I think a point that needs to be made is if you're flying something older or cheaper (and plenty of fules fancy themselves equipped to fly overwater in R22s with four dials on the panel...), that doesn't have FF gauges, you should ALWAYS, ALWAYS, ALWAYS use the most conservative range and consumption estimates you have. As an example, flying in a 206B in the US, use 30 gph (actual burn is between 27 & 29). As far as groundspeed goes, now that GPS is ubiquitous, there's pretty much no excuse for inaccurate groundspeed. No-wind estimates are an extremely unsafe idea unless you KNOW you have a tailwind component... and even then...
I would never, never EVER go fooling around someplace I couldn't land and get anywhere near a fuel margin if I didn't know my fuel flow, didn't write down the time and quantity figures in case the electronic gizmos went south, and didn't know cold the unusable fuel in my machine in case of any and all fuel or engine-related maladies. To do otherwise is just begging for trouble.

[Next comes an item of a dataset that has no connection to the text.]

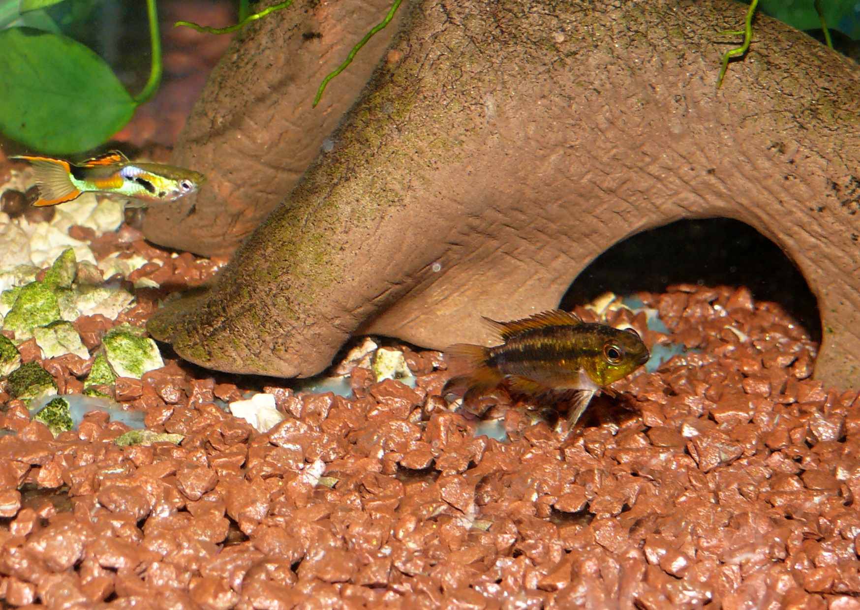 A sufficient number of hiding places is necessary, ideally from flowerpots cut in half, coconut shells, ceramic tubes, roots, or stones. Plants are also suitable, as cichlids do not damage them. Live food is ideal, or possibly frozen food.

To use a furniture-making analogy, cutting fine dovetails is a futile exercise when your marking and measuring is done with a stick and piece of chalk and your chisel and saw are made out of flint. I believe Nick is advocating a fine marking knife and razor-sharp tools.
Question for Nick... now that all avionics gizmos are getting better and cheaper, what kind of new generation fuel measuring systems exist that provide some fair amount of precision and could be retrofitted into lower-cost machines yet still be cost-efficient (flow and quantity). Many of the systems currently on existing aircraft ain't much better than these:
1st generation "I cain't see how much gas is innit... gimme match..." (this one wasn't very successful...)
2nd generation "Gimme stick..."
3rd generation "Gimme stick with marks on it..."
4th generation "Stick with a float on it sticks out the top..."
5th generation "Toilet float thingie what moves a needle an' mebbe turns on a light"
and so on... into various electronic level sensors, impedance systems, and who knows what else... what's next?